10年後に後輩の手本になった自分のリポート

 会社は88年、同じ野村証券グループの野村コンピュータシステムと合併し、システム構築とコンサルが2大業務になっていく。住宅メーカーへ出したリポートは、10年後に後輩から「バイブルになっているのを、知っていますか」と言われた。一緒に仕事をした人が「此本流の段階分析をやると、客がすごく満足してくれる」と言って、残したようだ。『源流』からの流れは、知らないうちに広がっていた。

 1960年2月生まれ。母が埼玉県の実家へ帰って出産したが、暮らした出身地は父が家を構えていた東京都文京区で、3歳で練馬区へ引っ越す。父は大分県で税務署に勤めたのちに税理士となり、専業主婦の母と5学年下の妹の4人家族。
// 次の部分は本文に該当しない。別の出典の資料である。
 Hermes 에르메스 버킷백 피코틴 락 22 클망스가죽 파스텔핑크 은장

 小学校4年生のとき、東京駅で寝台特急に乗り、父の実家があった別府へ1人でいった。これで鉄道が好きになり、中学校時代も時刻表を眺めてはコースを決め、いろいろなところを巡り、大学院を修了するまで続けた。みんなでワイワイやるよりも、単独で行動するのが好き。人見知りで、会ってすぐ友だちになるほうではなかった。
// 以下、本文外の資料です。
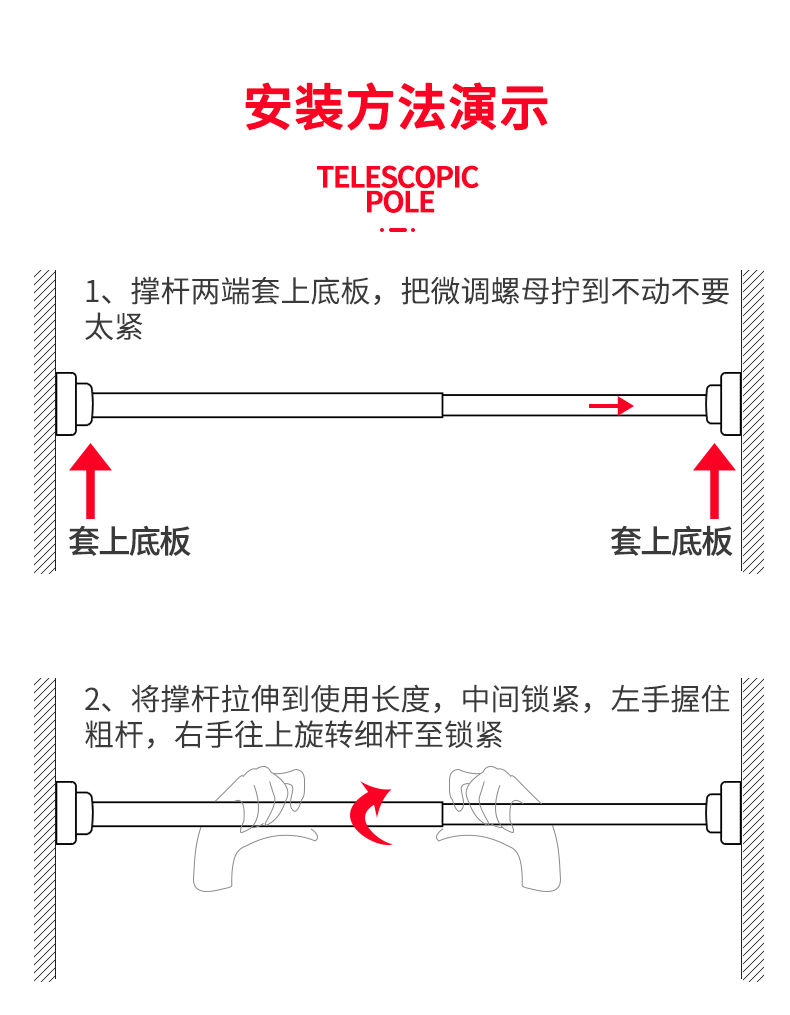 居家必备神器,升降伸缩杆,免打孔承重强,可调节,不锈钢耐磨,适合多种墙面安装,一杆多用,解决空间限制!【赠运费险】

 都立西高校から東大理科I類へ進んで機械工学科を専攻、大学院の工学系研究科も修了した。鉄道好きだから国鉄(現・JRグループ)に就職しようかと思ったが、入社試験は国鉄が11月なのに対し、一般企業は10月に解禁。9月下旬に友だちに誘われて何となく鎌倉の野村総研へいくと、いきなり面接となり、その日のうちに内定の連絡がきた。入るつもりはなかったが、面接をした研究所の3人がユニークで「こんな人たちと一緒に仕事ができたら面白いだろう」と、入社を決めた。

仕事の面白さと伴侶もみつけた「機械部屋」

 だが、大きな勘違いがあった。85年4月に入社し、鎌倉研究本部の産業経済研究部へ配属。社名に「研究所」とあるので、大学院でやったような研究が仕事と思っていたら、違った。あちこちの企業などに面談の予約を取り、初めての人と会って話を聞き、リポートにまとめる。最も向いていない、と思う。

 気が滅入り、夏には「もう辞めよう」と決めた。そんなとき、何も話していなかった指導役の先輩が「辞めようと思っているね」と言って、自宅へ呼んでくれた。現地・現物や仮説の大切さ、仕事の面白さなどを聞き、その後で一緒に仕事もやって、1年目を乗り切った。